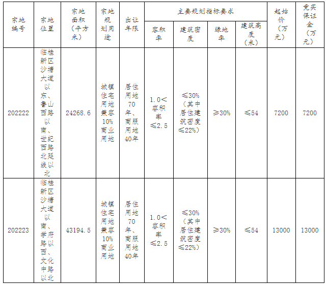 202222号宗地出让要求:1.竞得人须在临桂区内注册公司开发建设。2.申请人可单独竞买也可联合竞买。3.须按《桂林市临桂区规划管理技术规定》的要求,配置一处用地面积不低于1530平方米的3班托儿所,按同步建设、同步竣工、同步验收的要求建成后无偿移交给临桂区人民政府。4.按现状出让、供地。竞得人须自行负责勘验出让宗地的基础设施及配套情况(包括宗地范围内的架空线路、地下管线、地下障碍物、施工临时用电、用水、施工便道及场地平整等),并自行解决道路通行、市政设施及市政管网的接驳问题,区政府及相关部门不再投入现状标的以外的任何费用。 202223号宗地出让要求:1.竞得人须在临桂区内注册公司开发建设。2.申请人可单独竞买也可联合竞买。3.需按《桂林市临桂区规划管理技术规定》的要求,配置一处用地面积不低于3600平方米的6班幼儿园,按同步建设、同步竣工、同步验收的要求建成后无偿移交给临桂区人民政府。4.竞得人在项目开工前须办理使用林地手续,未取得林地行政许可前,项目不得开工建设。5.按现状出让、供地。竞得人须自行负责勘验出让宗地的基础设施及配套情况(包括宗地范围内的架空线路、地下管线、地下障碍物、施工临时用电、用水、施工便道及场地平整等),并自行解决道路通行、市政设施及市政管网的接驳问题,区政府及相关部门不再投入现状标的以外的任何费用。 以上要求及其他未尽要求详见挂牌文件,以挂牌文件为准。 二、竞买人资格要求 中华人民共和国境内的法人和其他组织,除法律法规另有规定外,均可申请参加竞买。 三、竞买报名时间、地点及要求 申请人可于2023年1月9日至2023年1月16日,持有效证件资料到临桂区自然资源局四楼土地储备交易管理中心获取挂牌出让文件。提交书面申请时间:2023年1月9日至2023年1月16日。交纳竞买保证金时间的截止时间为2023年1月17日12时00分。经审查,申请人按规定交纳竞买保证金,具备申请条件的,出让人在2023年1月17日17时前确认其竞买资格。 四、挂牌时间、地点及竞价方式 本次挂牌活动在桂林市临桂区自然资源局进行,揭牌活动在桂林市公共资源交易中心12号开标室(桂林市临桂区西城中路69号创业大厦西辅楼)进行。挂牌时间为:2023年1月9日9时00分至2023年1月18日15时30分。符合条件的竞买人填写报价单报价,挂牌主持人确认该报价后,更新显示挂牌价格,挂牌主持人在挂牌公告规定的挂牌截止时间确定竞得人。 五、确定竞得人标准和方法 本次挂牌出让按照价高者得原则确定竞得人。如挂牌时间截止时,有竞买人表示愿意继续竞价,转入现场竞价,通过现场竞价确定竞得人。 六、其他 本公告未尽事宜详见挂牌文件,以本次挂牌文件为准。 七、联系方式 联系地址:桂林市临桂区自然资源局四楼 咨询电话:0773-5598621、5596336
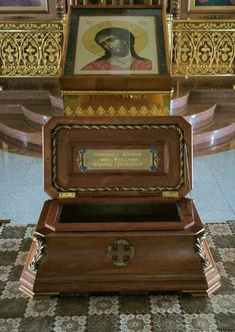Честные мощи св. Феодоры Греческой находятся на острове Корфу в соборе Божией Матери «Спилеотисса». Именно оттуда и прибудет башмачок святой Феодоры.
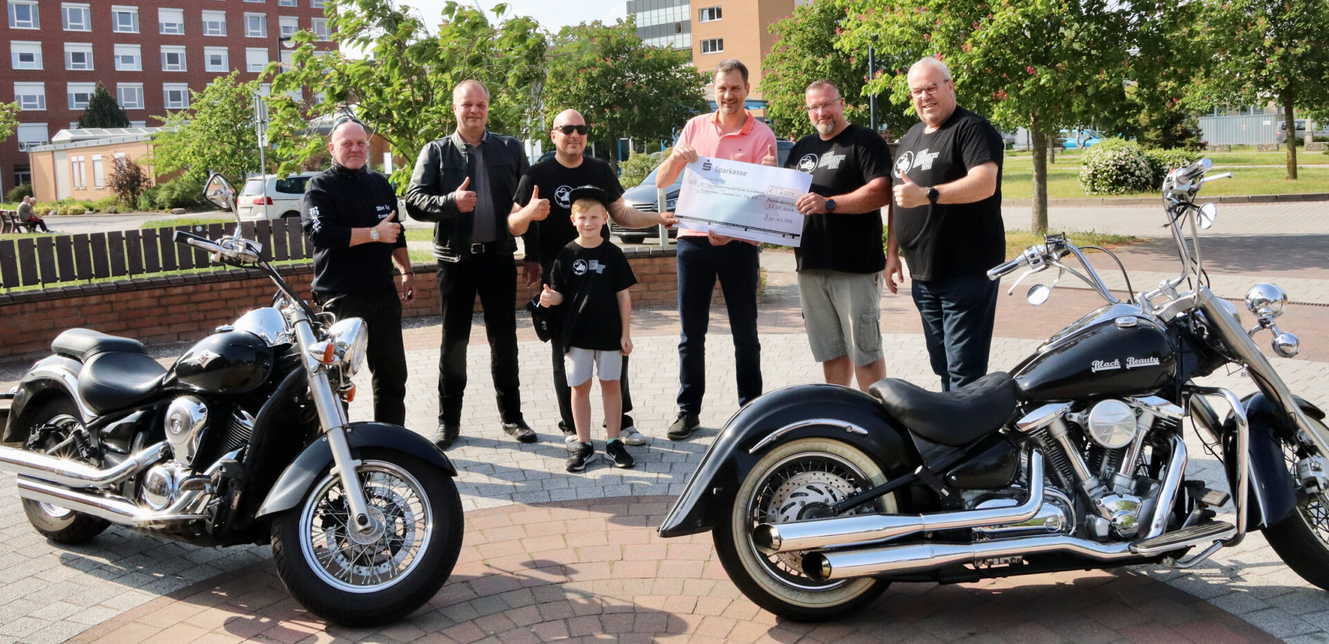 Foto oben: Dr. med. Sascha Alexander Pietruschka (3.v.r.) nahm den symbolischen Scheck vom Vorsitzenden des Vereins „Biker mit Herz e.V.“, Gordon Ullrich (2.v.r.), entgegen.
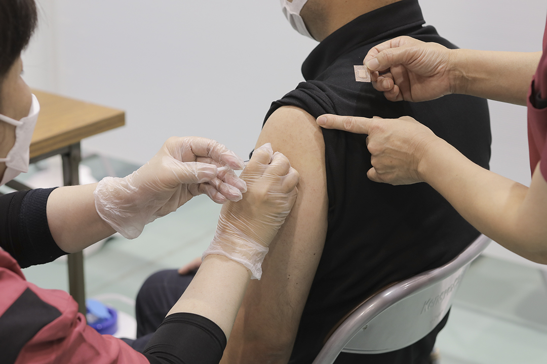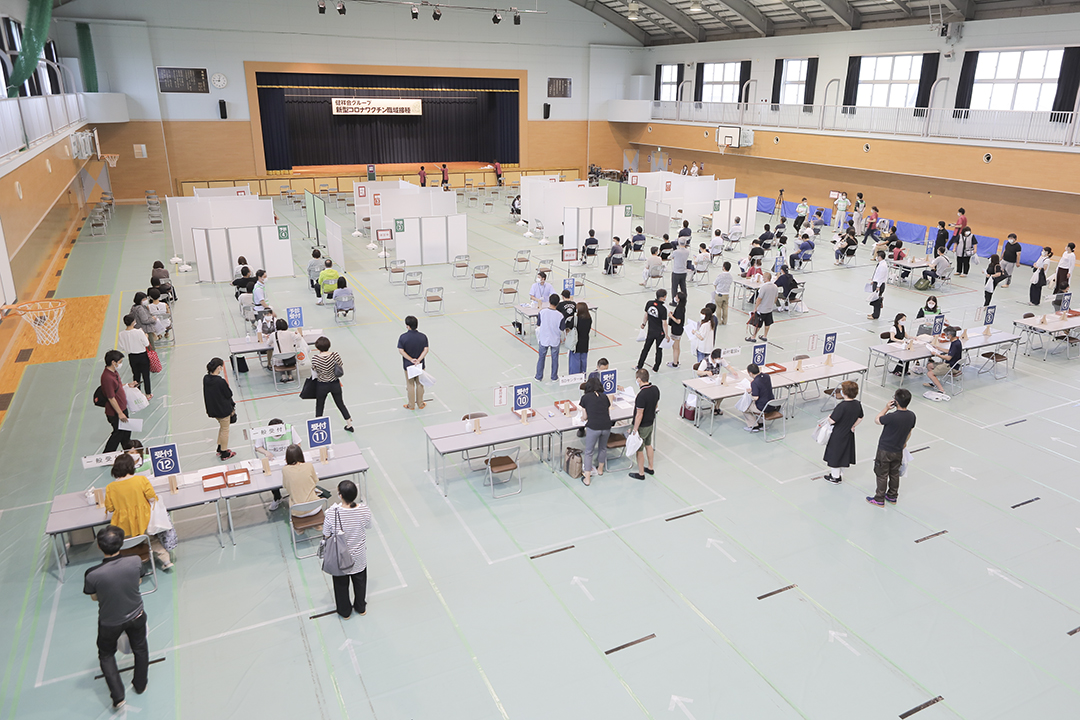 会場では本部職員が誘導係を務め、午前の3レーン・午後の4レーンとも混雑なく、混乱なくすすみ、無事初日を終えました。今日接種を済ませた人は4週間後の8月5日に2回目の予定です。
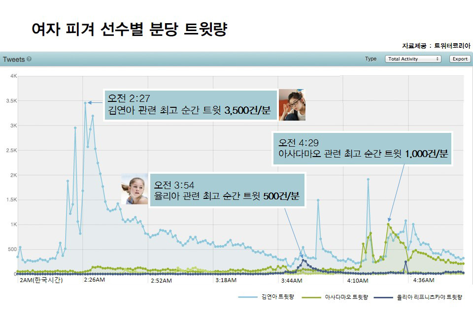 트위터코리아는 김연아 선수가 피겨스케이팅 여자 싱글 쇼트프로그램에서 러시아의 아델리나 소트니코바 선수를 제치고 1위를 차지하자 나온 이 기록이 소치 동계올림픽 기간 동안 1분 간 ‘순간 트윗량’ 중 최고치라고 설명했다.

....................

ABOUT THIS EXERCISE: Retype the data in full. Images do not go in the copy.

EXERCISE RESPONSE:
 202222号宗地出让要求:1.竞得人须在临桂区内注册公司开发建设。2.申请人可单独竞买也可联合竞买。3.须按《桂林市临桂区规划管理技术规定》的要求,配置一处用地面积不低于1530平方米的3班托儿所,按同步建设、同步竣工、同步验收的要求建成后无偿移交给临桂区人民政府。4.按现状出让、供地。竞得人须自行负责勘验出让宗地的基础设施及配套情况(包括宗地范围内的架空线路、地下管线、地下障碍物、施工临时用电、用水、施工便道及场地平整等),并自行解决道路通行、市政设施及市政管网的接驳问题,区政府及相关部门不再投入现状标的以外的任何费用。 202223号宗地出让要求:1.竞得人须在临桂区内注册公司开发建设。2.申请人可单独竞买也可联合竞买。3.需按《桂林市临桂区规划管理技术规定》的要求,配置一处用地面积不低于3600平方米的6班幼儿园,按同步建设、同步竣工、同步验收的要求建成后无偿移交给临桂区人民政府。4.竞得人在项目开工前须办理使用林地手续,未取得林地行政许可前,项目不得开工建设。5.按现状出让、供地。竞得人须自行负责勘验出让宗地的基础设施及配套情况(包括宗地范围内的架空线路、地下管线、地下障碍物、施工临时用电、用水、施工便道及场地平整等),并自行解决道路通行、市政设施及市政管网的接驳问题,区政府及相关部门不再投入现状标的以外的任何费用。 以上要求及其他未尽要求详见挂牌文件,以挂牌文件为准。 二、竞买人资格要求 中华人民共和国境内的法人和其他组织,除法律法规另有规定外,均可申请参加竞买。 三、竞买报名时间、地点及要求 申请人可于2023年1月9日至2023年1月16日,持有效证件资料到临桂区自然资源局四楼土地储备交易管理中心获取挂牌出让文件。提交书面申请时间:2023年1月9日至2023年1月16日。交纳竞买保证金时间的截止时间为2023年1月17日12时00分。经审查,申请人按规定交纳竞买保证金,具备申请条件的,出让人在2023年1月17日17时前确认其竞买资格。 四、挂牌时间、地点及竞价方式 本次挂牌活动在桂林市临桂区自然资源局进行,揭牌活动在桂林市公共资源交易中心12号开标室(桂林市临桂区西城中路69号创业大厦西辅楼)进行。挂牌时间为:2023年1月9日9时00分至2023年1月18日15时30分。符合条件的竞买人填写报价单报价,挂牌主持人确认该报价后,更新显示挂牌价格,挂牌主持人在挂牌公告规定的挂牌截止时间确定竞得人。 五、确定竞得人标准和方法 本次挂牌出让按照价高者得原则确定竞得人。如挂牌时间截止时,有竞买人表示愿意继续竞价,转入现场竞价,通过现场竞价确定竞得人。 六、其他 本公告未尽事宜详见挂牌文件,以本次挂牌文件为准。 七、联系方式 联系地址:桂林市临桂区自然资源局四楼 咨询电话:0773-5598621、5596336
Честные мощи св. Феодоры Греческой находятся на острове Корфу в соборе Божией Матери «Спилеотисса». Именно оттуда и прибудет башмачок святой Феодоры.
 Foto oben: Dr. med. Sascha Alexander Pietruschka (3.v.r.) nahm den symbolischen Scheck vom Vorsitzenden des Vereins „Biker mit Herz e.V.“, Gordon Ullrich (2.v.r.), entgegen.
 会場では本部職員が誘導係を務め、午前の3レーン・午後の4レーンとも混雑なく、混乱なくすすみ、無事初日を終えました。今日接種を済ませた人は4週間後の8月5日に2回目の予定です。
 트위터코리아는 김연아 선수가 피겨스케이팅 여자 싱글 쇼트프로그램에서 러시아의 아델리나 소트니코바 선수를 제치고 1위를 차지하자 나온 이 기록이 소치 동계올림픽 기간 동안 1분 간 ‘순간 트윗량’ 중 최고치라고 설명했다.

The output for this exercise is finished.